4. The semi-solid die-casting aluminum alloy according to claim 1, wherein the impurities in the semi-solid die-casting aluminum alloy are not more than 0.8 wt %.

5. The semi-solid die-casting aluminum alloy according to claim 1, wherein the ratio of the weight content of Ti to Cu is 1:(14 to 90).

6. The semi-solid die-casting aluminum alloy according to claim 4, wherein the semi-solid die-casting aluminum alloy comprises 7.5 to 9.5 wt % of Si, 3.5 to 4.8 wt % of Cu, 0.5 to 0.75 wt % of Mn, 0.01 to 0.5 wt % Ti, 0.01 to 0.35 wt % of rare earth element, no more than 0.8 wt % of impurities and the balance of aluminum.

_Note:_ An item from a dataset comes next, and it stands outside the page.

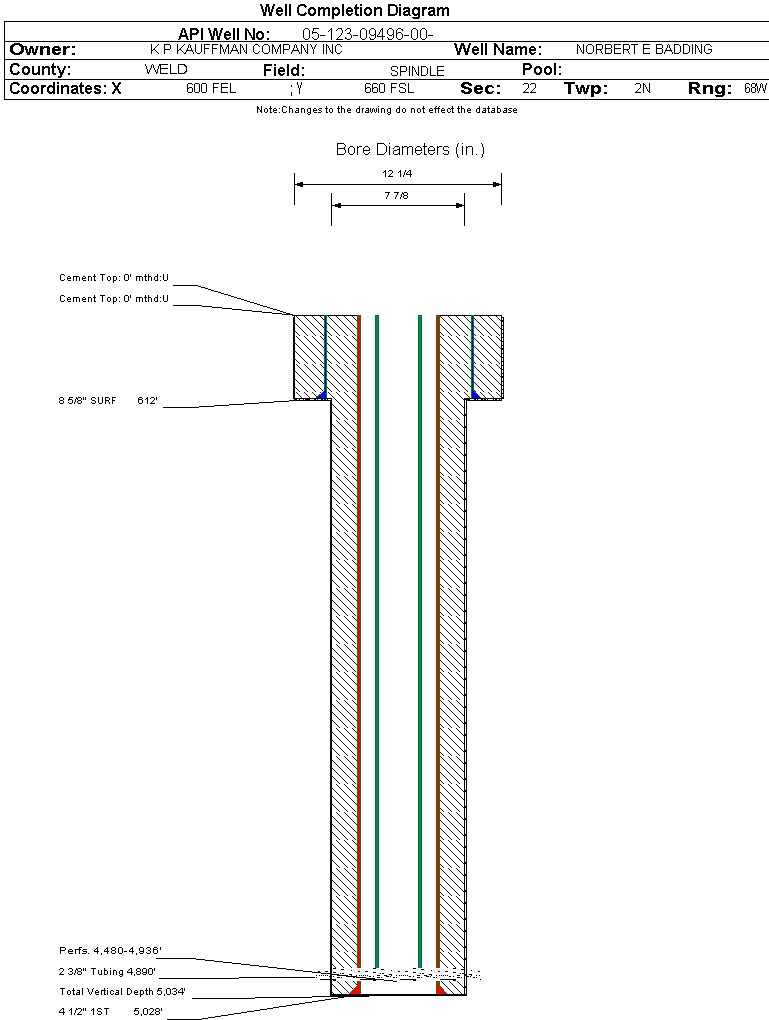 | | Perforation Data: | | Interval Top: | 4480 ft. | # Of Holes: | 112 | | Interval Bottom: | 4936 ft. | Hole Size: | 0.38 in. |

7. The semi-solid die-casting aluminum alloy according to claim 6, wherein the semi-solid die-casting aluminum alloy comprises 8.0 to 9.0 wt % of Si, 3.5 to 4.5 wt % of Cu, 0.5 to 0.6 wt % of Mn, 0.05 to 0.25 wt % Ti, 0.15 to 0.25 wt % of rare earth element, no more than 0.7 wt % of impurities and the balance of aluminum.

8. The semi-solid die-casting aluminum alloy according to claim 1, wherein the semi-solid die-casting aluminum alloy has a tensile strength of not less than 370 MPa, a yield strength of not less than 290 MPa, and an elongation of not less than 5.5%.

9. The semi-solid die-casting aluminum alloy according to claim 2, wherein the semi-solid die-casting aluminum alloy has a tensile strength of not less than 380 MPa, a yield strength of not less than 300 MPa, and an elongation of not less than 6%.

10. A method for preparing a semi-solid die-casting aluminum alloy casting, comprising:

after performing ratio smelting on aluminum alloy raw materials, performing semi-solid die casting to obtain the semi-solid die-casting aluminum alloy casting,

wherein the aluminum alloy raw materials are such that the obtained semi-solid die-casting aluminum alloy casting comprises:

based on the total weight of the aluminum alloy casting, 7.5 to 9.5 wt % of Si, 3.5 to 4.8 wt % of Cu, 0.5 to 0.75 wt % of Mn, 0.01 to 0.5 wt % of Ti, 0.01 to 0.35 wt % of rare earth element, and the balance of aluminum and inevitable impurities.

11. The method according to claim 10, wherein the aluminum alloy raw materials are such that the obtained semi-solid die-casting aluminum alloy casting comprises: based on the total weight of the semi-solid die-casting aluminum alloy casting, 8.0 to 9.0 wt % of Si, 3.5 to 4.5 wt % of Cu, 0.5 to 0.6 wt % of Mn, 0.05 to 0.25 wt % of Ti, 0.15 to 0.25 wt % of rare earth element, and the balance of aluminum and inevitable impurities.

12. The method according to claim 10, wherein the aluminum alloy raw material is elemental metals or metal alloys.

13. The method according to claim 12, wherein the aluminum alloy raw materials are elemental aluminum or an alloy of aluminum, elemental silicon or an alloy of silicon, elemental copper or an alloy of copper, elemental manganese or an alloy of manganese, elemental titanium or an alloy of titanium, and an elemental rare earth element or an alloy containing a rare earth element.

14. The method according to claim 12, wherein the aluminum alloy raw materials are elemental aluminum, an Al—Si alloy, an Al—Ti alloy, an Al—Cu alloy, an Al—Mn alloy and an Al—Re intermediate alloy.

15. The method according to claim 12, wherein the purity of the elemental metal is 99.9 wt % or more, and the total content of the alloying elements in the metal alloy is 99.9 wt % or more.